I installed pyton 3 and opencv4 following your tutorial and then I started this tutorial. I did everything you wrote in this tutorial but I have an error concerning the “tresh.copy()” which says “AttributeError: ‘tuple’ object has no attribute ‘copy'”
I don’t understand why, I had a look to your findContours memo and tried with the specific code line for OpenCv4 but still get an error. Any explanations about this ?
Regards,
Alex
Thanks !!
Make sure you’re downloading the source code to this post rather than copying and pasting it. You likely forgot the “[1]” after this line:
thresh = cv2.threshold(blurred, 60, 255, cv2.THRESH_BINARY)[1]
Great post, thanks.
Any ideas on how to compute the CoG for a non-integer contour? (meaning that the contour is not a result of thresholding over some mask, but rather a result of a different algorithm). It seems that cv2.moments requires integer inputs.
Thanks!
Hi Adrian ,
First I would like to thank you about your great blog and for your unique book “Practical Python and OpenCV Book”

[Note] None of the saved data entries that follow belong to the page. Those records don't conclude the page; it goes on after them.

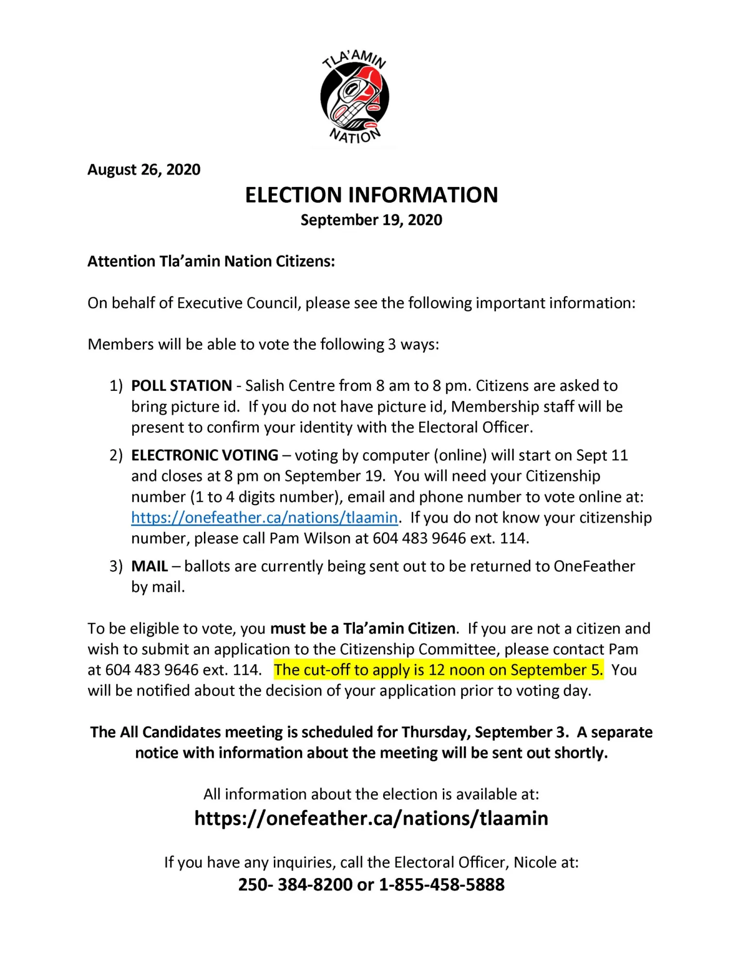 2) ELECTRONIC VOTING – voting by computer (online) will start on Sept 11 and closes at 8 pm on September 19. You will need your Citizenship number (1 to 4 digits number), email and phone number to vote online at: https://onefeather.ca/nations/tlaamin. If you do not know your citizenship number, please call Pam Wilson at 604 483 9646 ext. 114.
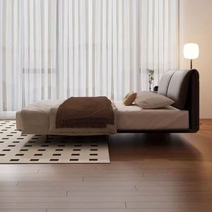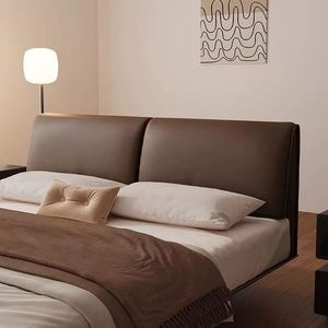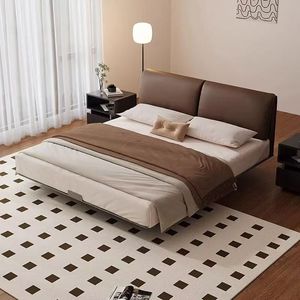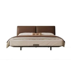 新款奶油大象碳素钢床架小户型主卧现代简约真皮齐边悬浮软包床头
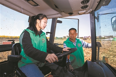 沈笑芬正在请教驾驶农机的问题,她的驾驶技术都来自于父亲。
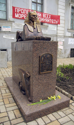 На открытии монумента присутствовали представители городских и областных властей, гости города. По традиции монумент открывали дети — гости праздника. Скульптура представляет собой бюст писателя в…
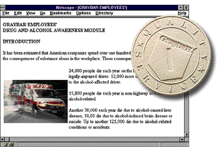 Прототип одного из учебных модулей Graybar о политике фирмы в отношении алкоголя и наркотиков уже используется. В нем для проверки усвоения сотрудниками политики компании применены задания со множественным выбором. Обучение по этому модулю началось в конце сентября. Обучаемые будут отвечать на каждый вопрос просто щелчком мыши на HTML-связи. Ответы будут немедленно переводиться в базу данных модуля посредством связующей программы IBT Class и главного компонента IBTauthor. Попадая в базу данных, ответы оцениваются как правильные или неправильные, а результаты поступают к администратору курса.
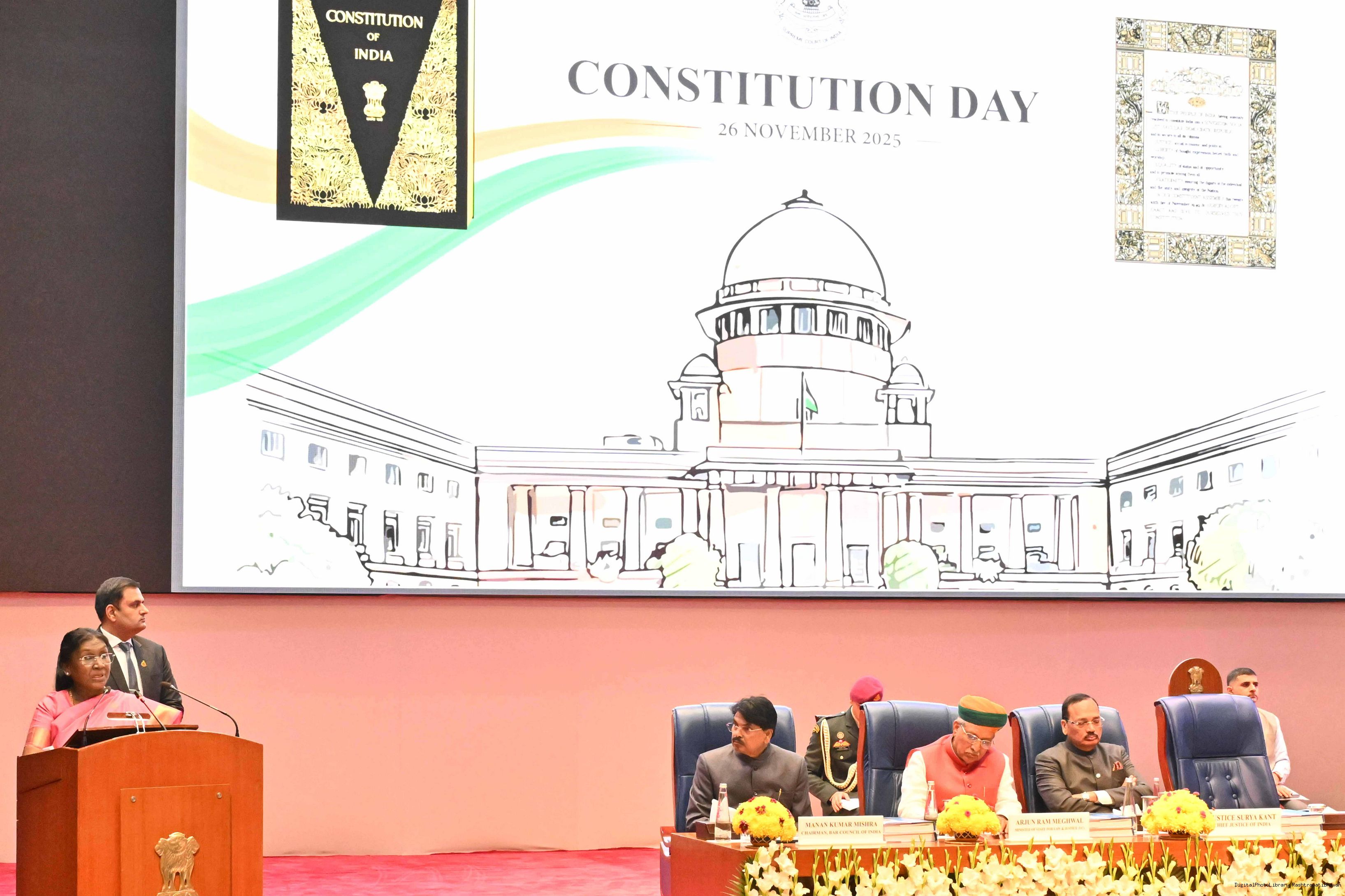 | Caption: | The President of India, Droupadi Murmu graced the Constitution Day Celebrations, organised by the Supreme Court of India in New Delhi on November 27, 2025. |
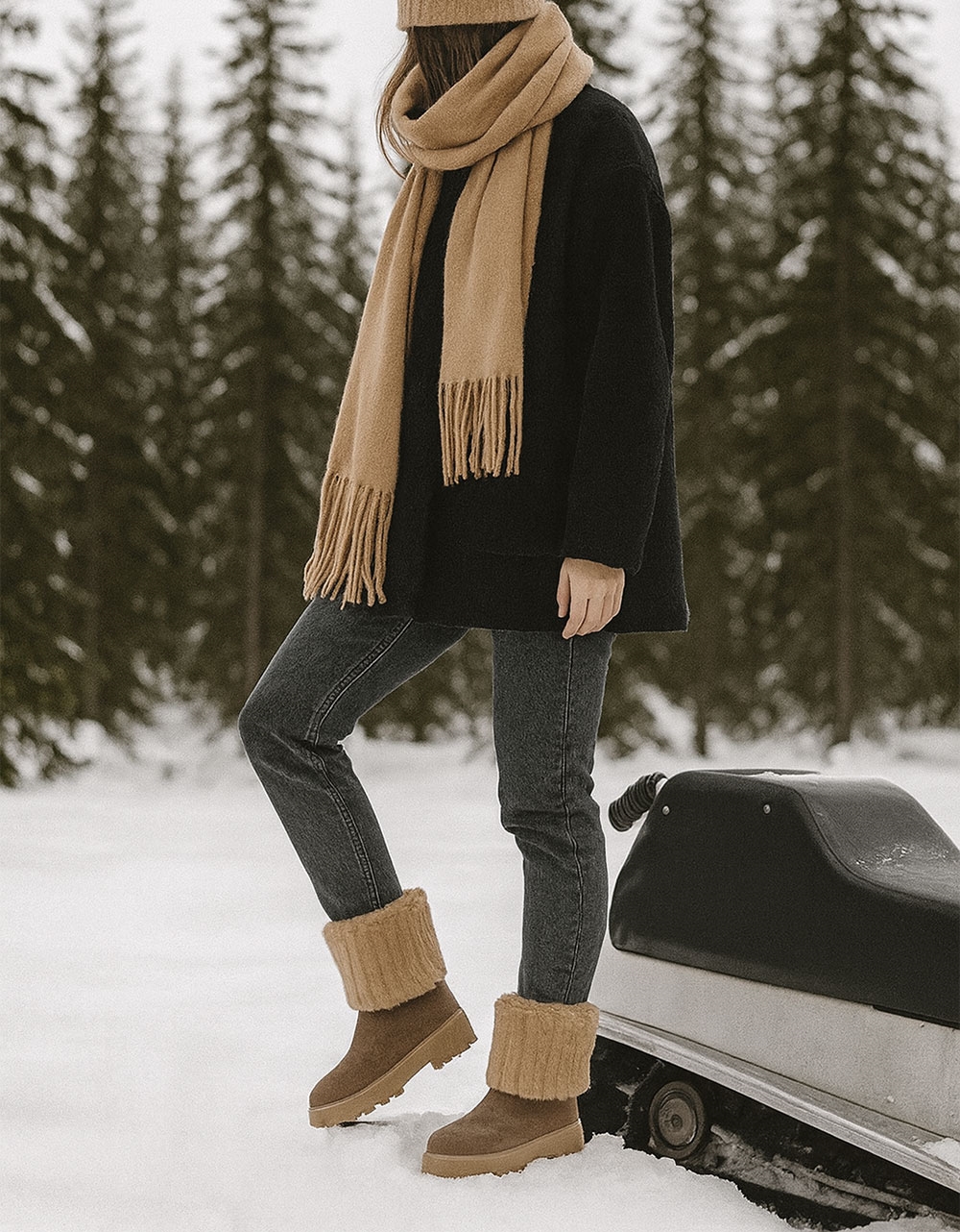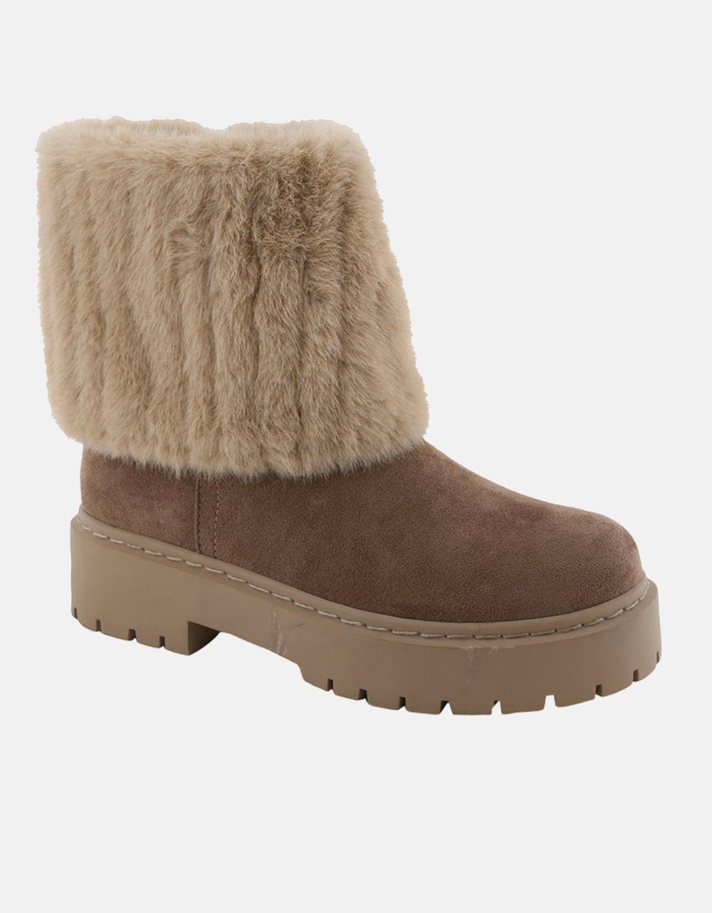 Μονόχρωμα suede μποτάκια με τρακτερωτή σόλα. Διαθέτουν εσωτερικά επένδυση από συνθετικό γουνάκι και διπλή αντιολισθητική σόλα για άνετο βάδισμα.

My question is that I’ve applied canny edge detection rather than threshold , I used auto canny like you did in one of your previous code example , the result is same except for the triangle , the circle didn’t draw in the middle.
Any idea why ?
Thanks a lot
Hey Ali — auto-canny relies on heuristics so it’s not perfect.
Hello sir,
Firstly, I would like to thank you about your great blog and for your unique book “Practical Python and OpenCV Book”.
My question is how i can find centroid of contours in a video ? I used the same codes but cannot find centroid in a video, can you help me please ?
Thanks a lot
If you have a copy of Practical Python and OpenCV, make sure you refer to the chapters where I show you how to access the video stream. From there you apply your contour detection to each frame of the video stream and then compute the center of the countour.